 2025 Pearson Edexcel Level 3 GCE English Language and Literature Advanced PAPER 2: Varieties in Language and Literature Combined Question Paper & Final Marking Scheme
* * * * * * * * *
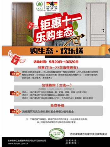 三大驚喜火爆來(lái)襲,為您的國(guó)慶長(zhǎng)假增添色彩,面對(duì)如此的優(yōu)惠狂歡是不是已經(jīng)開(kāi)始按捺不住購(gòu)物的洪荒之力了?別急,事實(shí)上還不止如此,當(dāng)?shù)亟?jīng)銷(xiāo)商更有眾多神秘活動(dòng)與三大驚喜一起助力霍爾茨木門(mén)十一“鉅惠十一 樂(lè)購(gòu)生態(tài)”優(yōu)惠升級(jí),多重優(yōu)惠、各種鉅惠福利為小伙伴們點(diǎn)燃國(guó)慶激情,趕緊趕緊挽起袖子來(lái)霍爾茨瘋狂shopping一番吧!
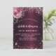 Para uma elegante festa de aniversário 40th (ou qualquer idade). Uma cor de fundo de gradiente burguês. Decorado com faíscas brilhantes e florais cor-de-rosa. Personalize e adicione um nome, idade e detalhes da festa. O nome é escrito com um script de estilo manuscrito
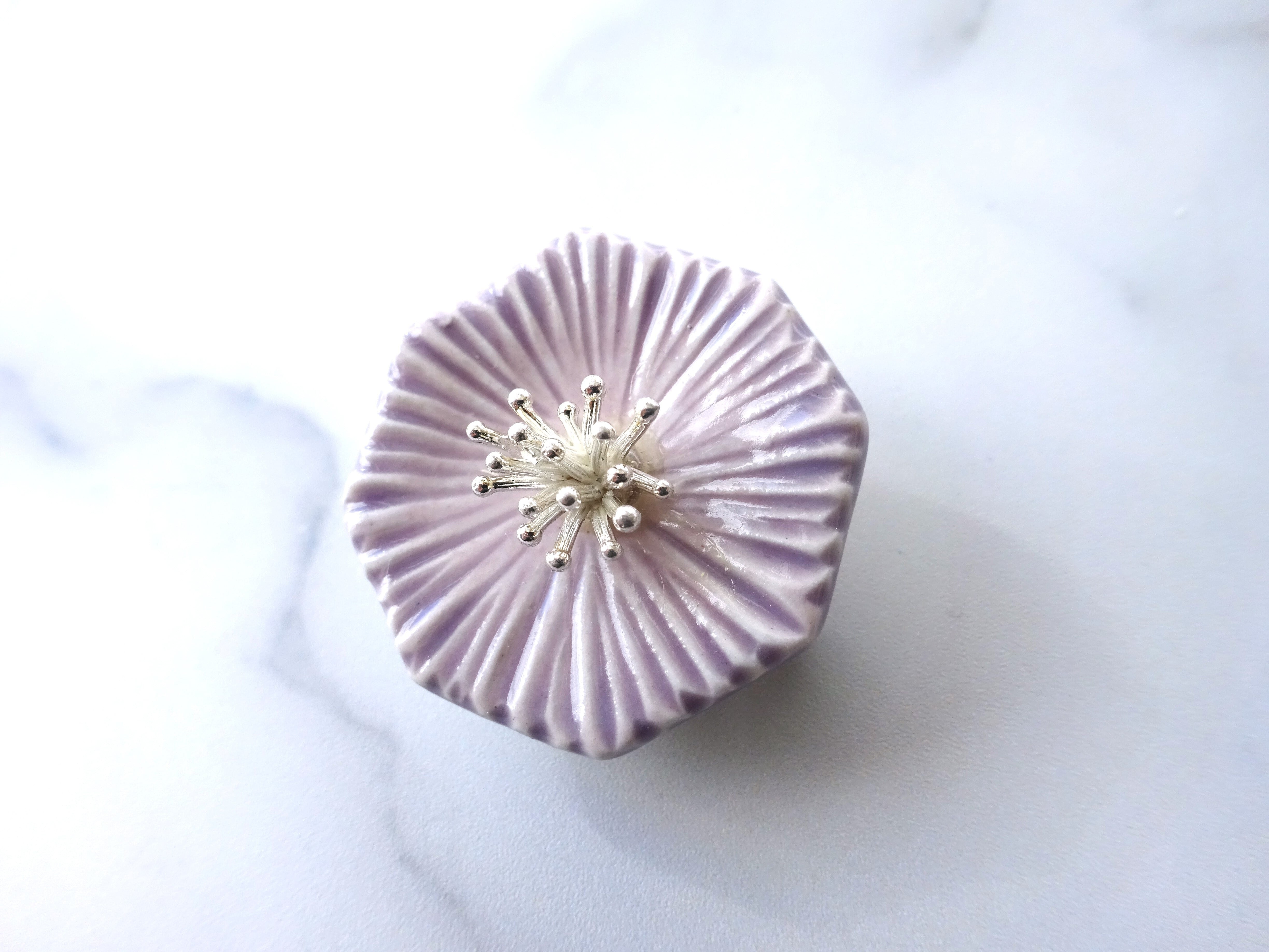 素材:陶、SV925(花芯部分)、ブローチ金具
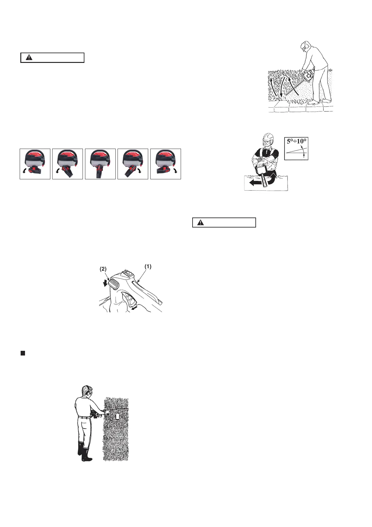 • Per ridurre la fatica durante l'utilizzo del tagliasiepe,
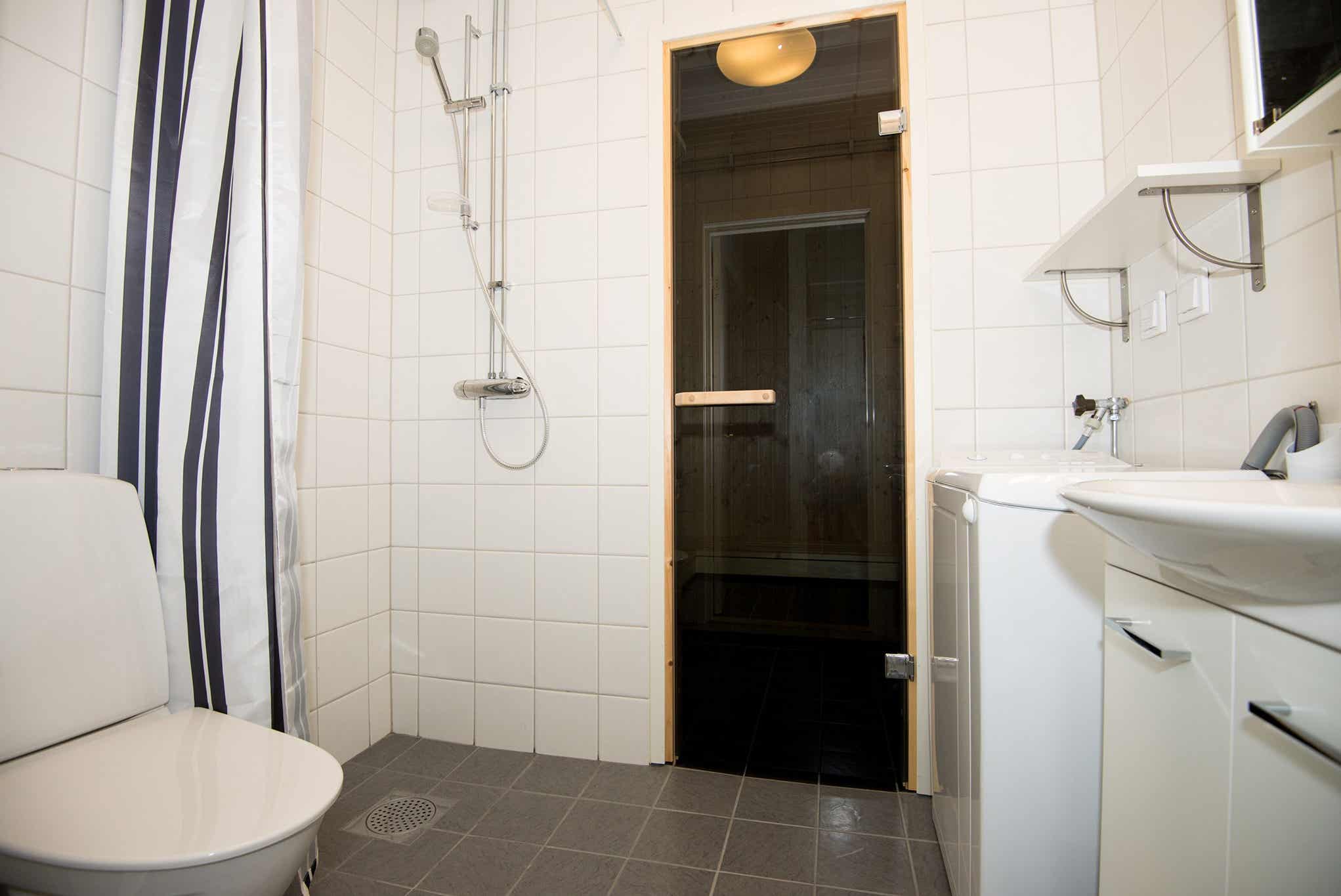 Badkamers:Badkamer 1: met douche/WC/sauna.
* * * * * * * * *
• _Task instructions_
Please output, exactly as written, the lines above from the one holding "Para uma elegante" through the one holding "Badkamers:Badkamer 1: met douche/WC/sauna.", both included, with the pictures omitted.

• _Final answer_
 Para uma elegante festa de aniversário 40th (ou qualquer idade). Uma cor de fundo de gradiente burguês. Decorado com faíscas brilhantes e florais cor-de-rosa. Personalize e adicione um nome, idade e detalhes da festa. O nome é escrito com um script de estilo manuscrito
 素材:陶、SV925(花芯部分)、ブローチ金具
 • Per ridurre la fatica durante l'utilizzo del tagliasiepe,
 Badkamers:Badkamer 1: met douche/WC/sauna.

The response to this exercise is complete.